Saint-Saëns - _Ascanio_
(Bru Zane recorded _Proserpine_ last year)

Niedermeyer - _Stradella_, _Marie Stuart_ et _La fronde_ (Clément in his _Dictionnaire des opéras_ says good things about them)

Isidore de Lara - _Messaline_

I'd also like to hear Massenet's _Bacchus_ and Gounod's _Tribut de Zamora_ - maybe not great works, but they're the only ones by those composers that haven't been recorded yet.

We could also do with more Auber: _La circassienne_, _Le lac des fées_, _Le philtre_ (the model for _L'elisir d'amore_)


----------



## elgar's ghost (Aug 8, 2010)

Off the top of my head...

_Maschinist Hopkins_ by Max Brand
_Transatlantic_ by George Antheil
_Diary of a Madman_ by Humphrey Searle

I'd love to hear these based on what little info I've got on them, but as there are no available recordings I'd imagine performances are as common as hens' teeth.


----------



## Sloe (May 9, 2014)

Ifigenia by Ildebrando Pizetti. It is a radio opera so there is no need to stage it. Even if it was staged later.


----------



## SixFootScowl (Oct 17, 2011)

timh said:


> http://www.theoperaplatform.eu/en/opera/rimsky-korsakov-golden-cockerel


This one I have, because of Beverly Sills. Oddly they use the original language title but sung in English.


----------



## Pugg (Aug 8, 2014)

Florestan said:


> This one I have, because of Beverly Sills. Oddly they use the original language title but sung in English.


Even if it was in Chinese I would have bought it.


----------



## SixFootScowl (Oct 17, 2011)

Pugg said:


> Even if it was in Chinese I would have bought it.

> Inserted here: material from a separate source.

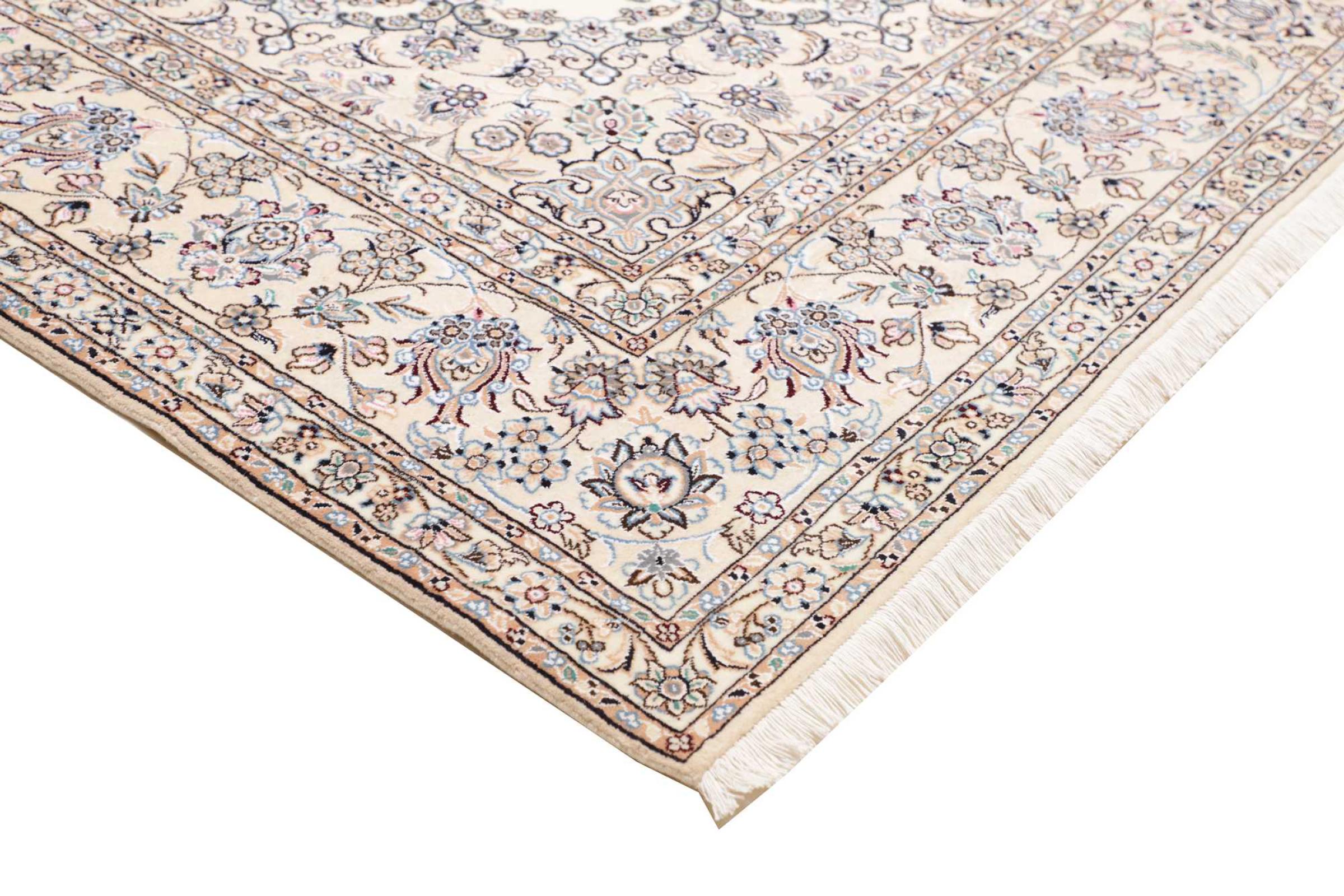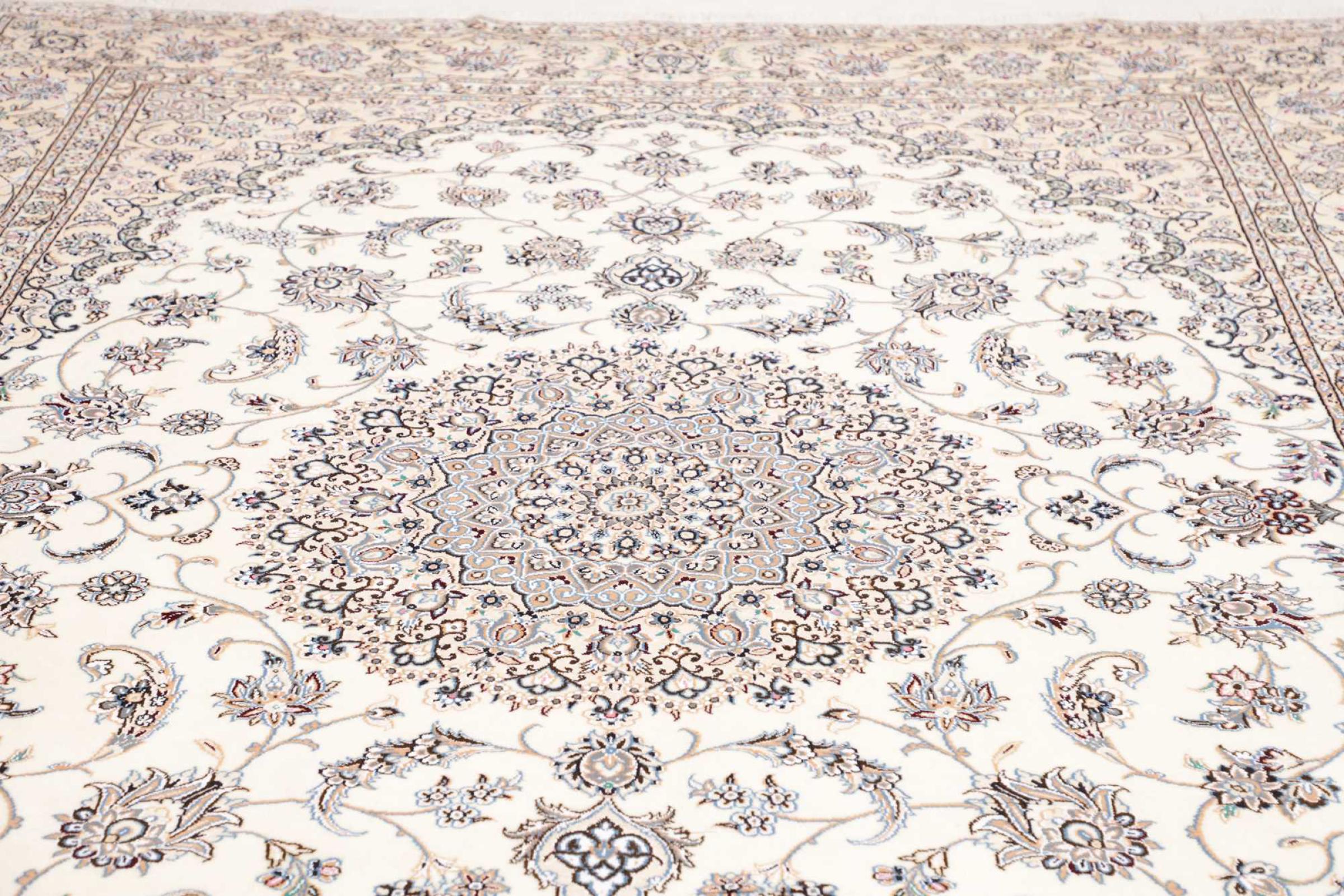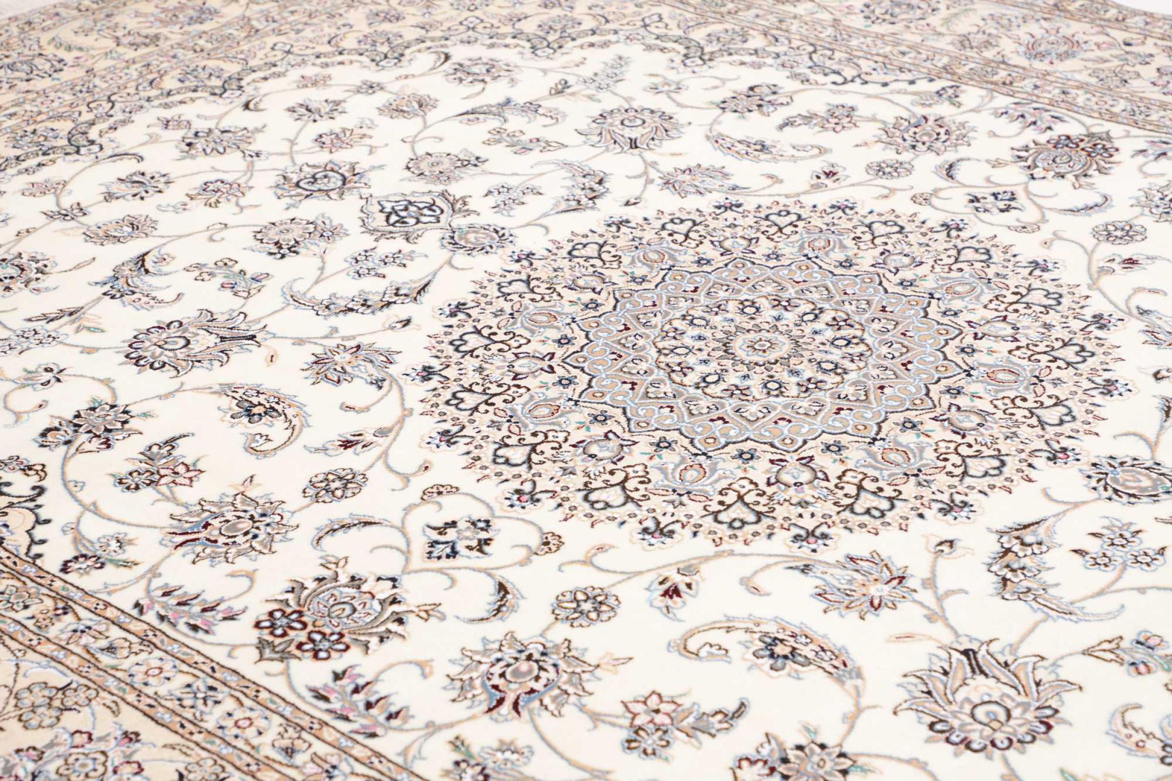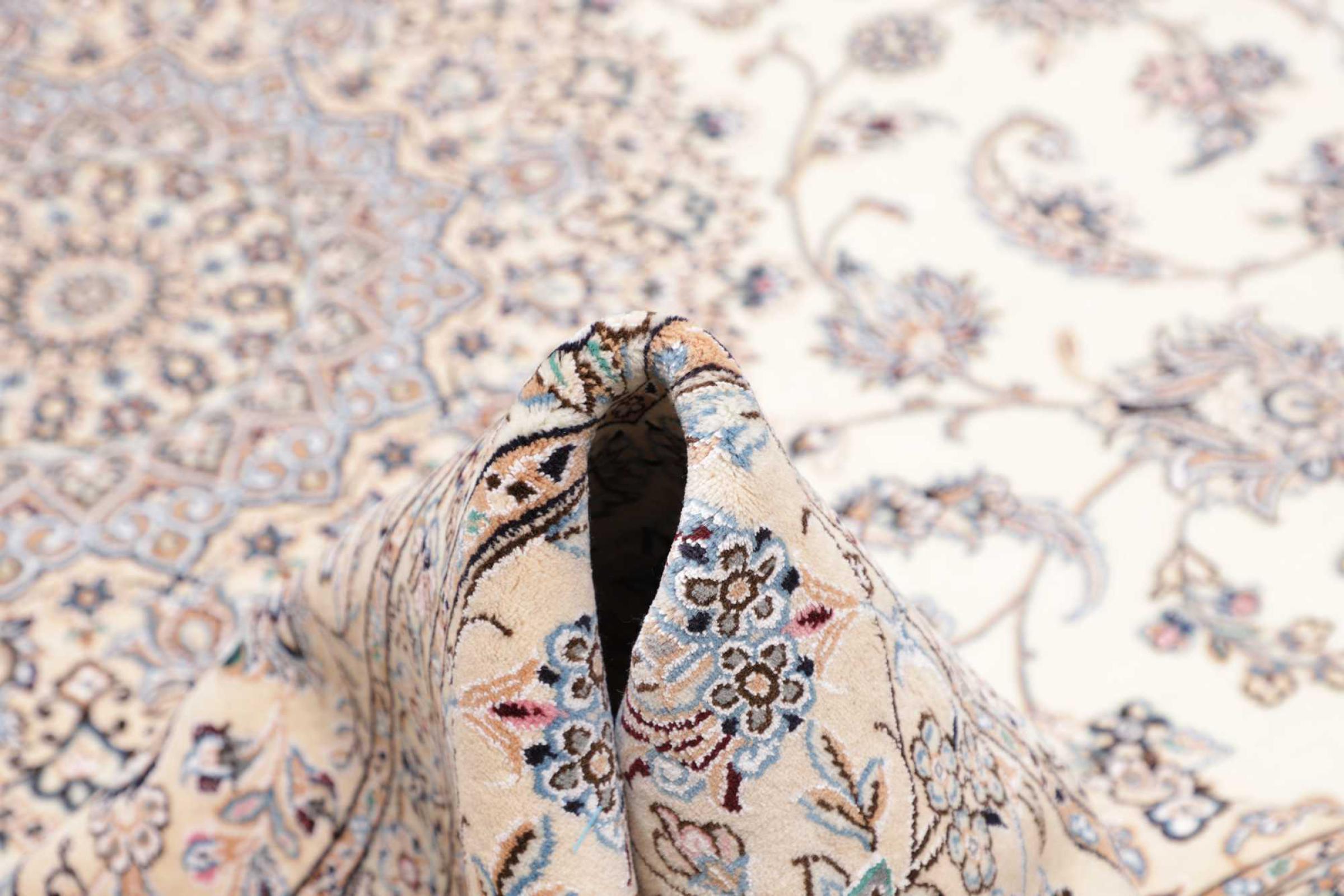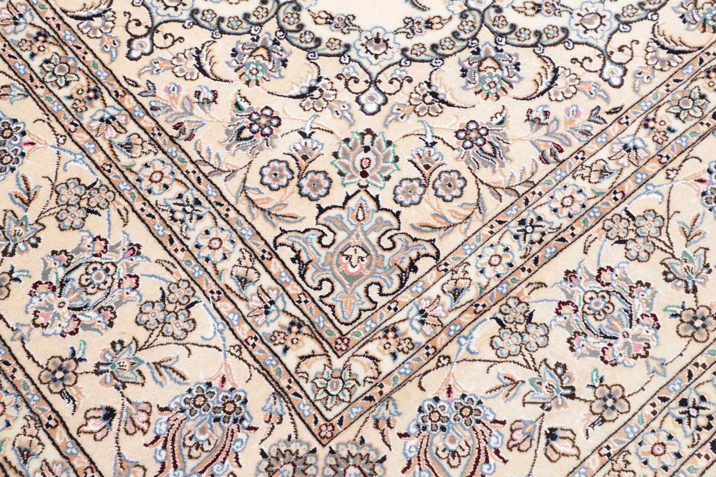 This Nain rug is classified as 9La. The excellent quality, the beautiful oriental design with its curvilinear patterns will delight every buyer. This Persian rug was hand-knotted in the city of Nain, which lies on the western edge of the Dasht-e-Kavir desert, from high-quality wool and natural silk. 9La Nain rugs are significantly finer than a 12La and already show beautiful details.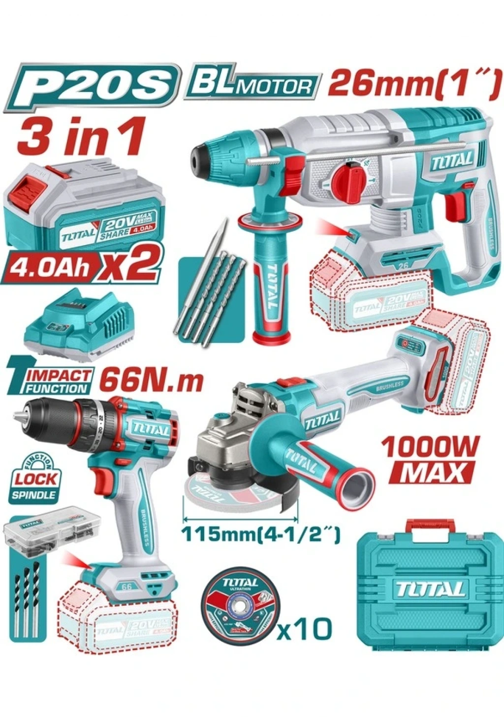 TOTAL TOSLI241198E Avantaj Set, inşaat, montaj, tesisat ve atölye çalışmalarında ihtiyaç duyulan üç temel makineyi bir araya getirir: darbeli matkap, kırıcı delici ve avuç taşlama. Dayanıklı motor yapısı, yüksek tork değeri ve uzun ömürlü komponentleri sayesinde profesyonel kullanıcılar için ideal bir iş ortağıdır.

Absolutely! Even Swahili. And somehow I knew you would give a "LIKE" for that one.


----------



## nina foresti (Mar 11, 2014)

Pugg said:


> At least we have a recording with Magda


Re: The Great Magda: Amen miluv!


----------



## Don Fatale (Aug 31, 2009)

Seeking out rarities has become an accidental operatic side interest for me. Here's 15 from me, all but the last one seen in live performances over the years. How rare some of them are is debatable, but certainly none are common.

*
Ruslan and Lyudmila*
Glinka
_Important Russian opera_

*King Arthur*
Purcell
_The Covent Garden performance in the 90's was a great night._

*Stiffelio*
Verdi
_The link between Verdi's galley years and Rigoletto. aka Aroldo which UCOpera in London are performing around now. A really good drama with a very satisfying ending.
_

*Hulde*
Cesar Franck
_Saw this a while back at UCOpera. As a Franckophile, I'd love to see and hear this again._

*Penthesilia*
Pascal Dusapin
_Premiered last year. I saw it last year in Brussels. It was one of the rare times I thought a new opera deserved a wider showing._

*I Gioielli della Madonna*
Wolf-Ferrari
_His lush verismo opera. Saw it in Bratislava two years ago and liked it a lot. A little teary-eyed at the end. Covent Garden couldn't go wrong with this surely._

*Cardillac*
Hindemith
_Much maligned composer now. Used to get more outings than it does now. Not that great. Has a lot of critics of his lumpen orchestrations._

*Orontea*
Cesti
_Saw this in Budapest recently. Bridging the gap between Monteverdi and baroque. 
Pretty lively and entertaining. This conservatoire performance featured on-the-way-up Emoke Barath who'll soon be in a leading role at Glyndebourne in Cavalli's Hipermestra. And speaking of Cavalli, I hope it's more entertaining than this one...._

*Eliogabalo*
Cavalli
_Recently rediscovered. Had a tedious evening at Paris Opera last year, and so too did the singers I think. Getting a run at Amsterdam later this year. I wish them luck._

*The Greek Passion, Juliette *
Martinu
_Saw these on successive nights in Germany last year. Loved them both. Solid works._

*Strasny Dwor (Haunted Manor)*
Moniouszko
_Saw this in Warsaw recently in a great David Pountney production, designs by Leslie Travers. I'd recommend this to ENO._

*Sakuntala* 
Franco Alfano
_The guy who completed Turandot. Saw this in Sicily recently. It becomes clear Alfano just didn't have a good tune in him, despite the lush orchestration. I hope to see his *Resurrezione* at Wexford (home of rarities!) later this year, although, as much for being a fan of Tolstoy's novel than Alfano._

*Le Vin Herbe*
Frank Martin (that's a Swiss name don't you know!)
_A semi-opera based on the Tristan and Isolde legend. Seen just last week at the Royal Conservatoire of Scotland. Much enjoyed and appreciated, by me and critics alike. Definitely deserves a wider audience. Welsh National Opera have also been performing it recently. _

And finally, for Boitophiles, one I haven't seen. I'll travel far if it shows up....

*Nerone*
Arrigo Boito
_Quite simply, one of my favourite operas._


----------



## Sloe (May 9, 2014)

Il dottor Antonio by Franco Alfano very beautiful opera.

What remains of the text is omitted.